Acute idiopathic pericarditis usually affects young and otherwise healthy individuals. Many patients have mild symptoms, don’t seek medical help and the conditions resolve on their own. It is estimated that 80-90% of all cases of acute pericarditis are presumed to be idiopathic.
An early set of symptoms - a prodrome - of fever (usually <39°C), malaise and myalgia and/or arthralgia is common. The typical complaint is chest pain, that is most often pleuritic (exacerbated by inspiration). Patients may note lessening of the pain when they lean forward or are in the upright position. The most difficult differential diagnosis is myocardial infarction (MI). As in MI, chest pain can radiate to the neck, arms, or left shoulder; however, if pain radiates to one or both trapezius muscle ridges it is likely due to pericarditis because the phrenic nerve that innervates these muscles traverses the pericardium.

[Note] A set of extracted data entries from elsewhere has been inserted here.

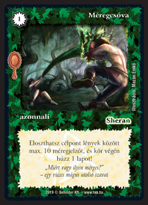 Szöveg: Eloszthatsz célpont lények között max. 10 méregjelzőt, és kör végén húzz 1 lapot!
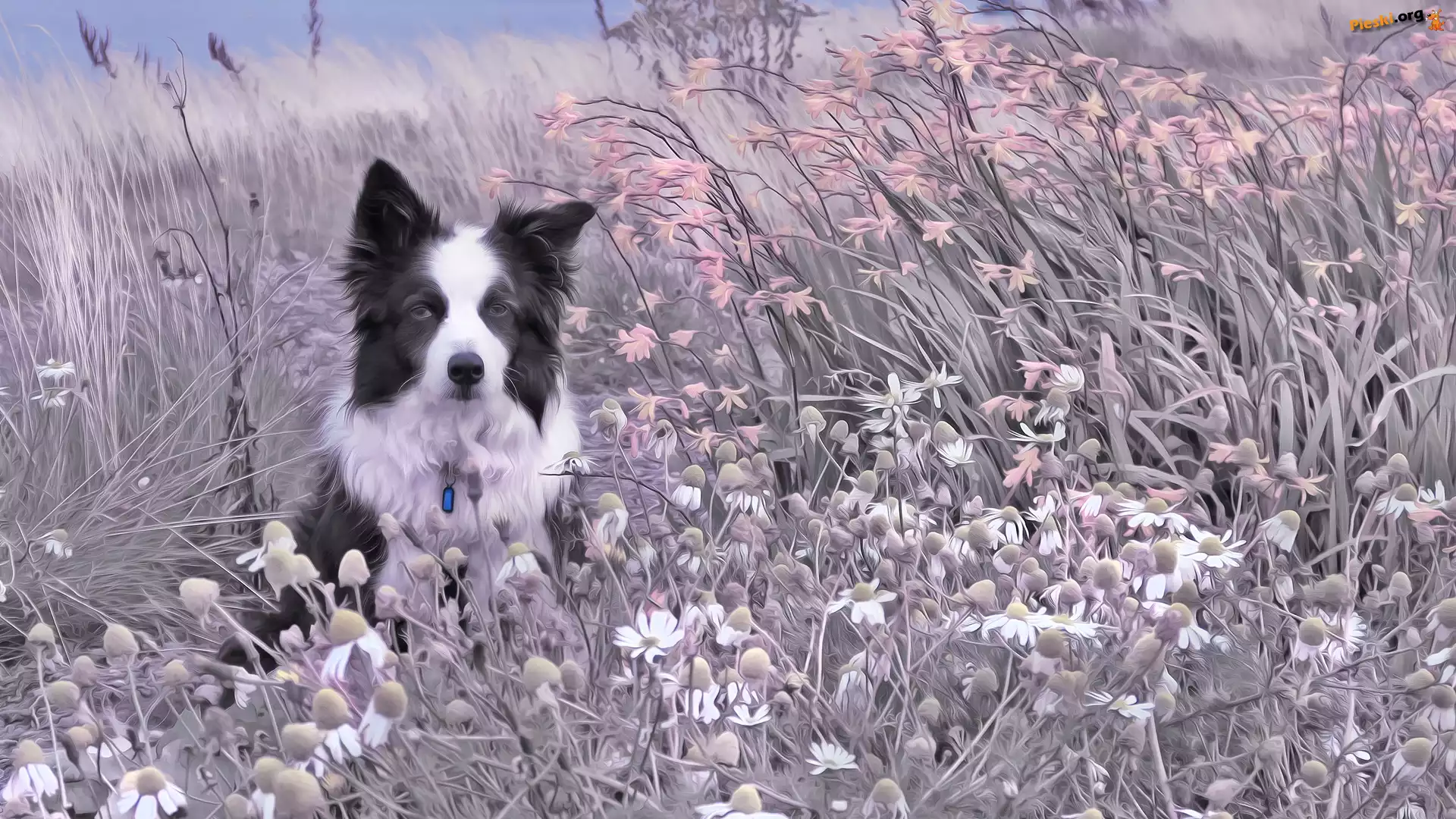 Pies, Rośliny, Kwiaty, Border collie, Łąka, Trawy
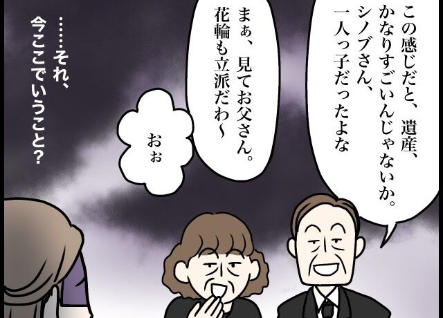 [2]夫家族と遺産トラブル|亡き父を偲ぶ葬儀で「祭壇も花輪も立派」と遺産を期待しニヤケ顔の義両親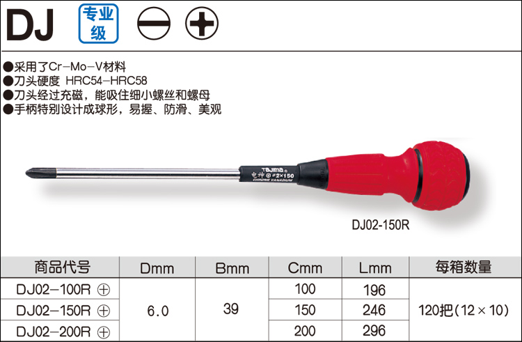tajima tian island cross screw driver cross screwdriver screw opener rubber handle charged head DJ series

Physical examination will uncover an audible friction rub, which is highly specific for pericarditis: it is present in 85% of patients at some time during the course of the disease. It is usually a high-pitched, scratchy or squeaky sound best heard at the left sternal border and consisting of 3 phases that correspond to the movement of the heart during 3 phases of the cardiac cycle: 1) atrial systole, 2) ventricular systole, and 3) rapid ventricular filling during early diastole. However, some rubs are present in only one (monophasic) or two (biphasic) components of the cardiac cycle (2).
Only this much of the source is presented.